Following a multiyear effort, the agency has published the final version of the NIST Big Data Interoperability Framework, a collaboration between NIST and more than 800 experts from industry, academia and government.
Filling nine volumes, the framework is intended to guide developers on how to deploy software tools that can analyze data using any type of computing platform, be it a single laptop or the most powerful cloud-based environment. Just as important, it can allow analysts to move their work from one platform to another and substitute a more advanced algorithm without retooling the computing environment.
“We want to enable data scientists to do effective work using whatever platform they choose or have available, and however their operation grows or changes,” said Wo Chang, a NIST computer scientist and convener of one of the collaboration’s working groups, in a statement. “This framework is a reference for how to create an ‘agnostic’ environment for tool creation.
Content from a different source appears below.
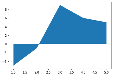 matplotlibでplt.fill_between(x座標, y座標)を使って、折れ線グラフと0(x軸)の間を塗りつぶすことができる。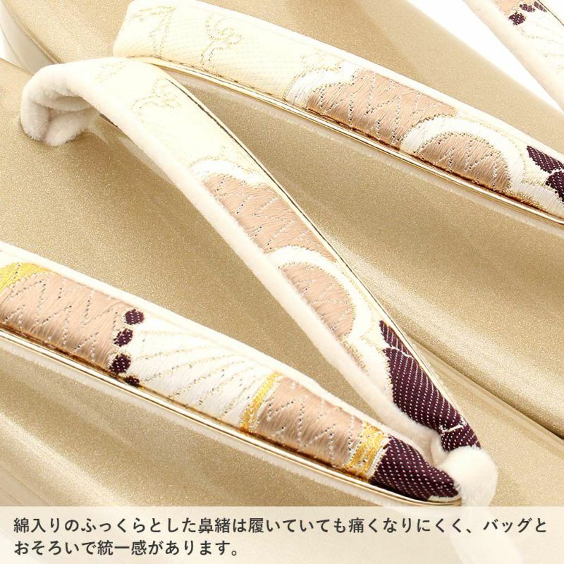 バッグ・花緒:オフホワイト・ゴールド・こげ茶 草履台:ゴールド

If software vendors use the framework’s guidelines when developing analytical tools, then analysts’ results can flow uninterruptedly, even as their goals change and technology advances.”
The framework fills a long-standing need among data scientists, who are asked to extract meaning from ever-larger and more varied datasets while navigating a shifting technology ecosystem. Interoperability is increasingly important as these huge amounts of data pour in from a growing number of platforms, ranging from telescopes and physics experiments to the countless tiny sensors and devices we have linked into the internet of things. While several years ago the world was generating 2.5 exabytes (billion billion bytes) of data each day, that number is predicted to reach 463 exabytes daily by 2025. (This is more than would fit on 212 million DVDs.)
Computer specialists use the term “big data analytics” to refer to the systematic approaches that draw insights from these ultra-large datasets. With the rapid growth of tool availability, data scientists now have the option of scaling up their work from a single, small desktop computing setup to a large, distributed cloud-based environment with many processor nodes. But often, this shift places enormous demands on the analyst. For example, tools may have to be rebuilt from scratch using a different computer language or algorithm, costing staff time and potentially time-critical insights.
“Performing analytics with the newest machine learning and AI techniques while still employing older statistical methods will all be possible,” Chang said. “Any of these approaches will work. The reference architecture will let you choose.”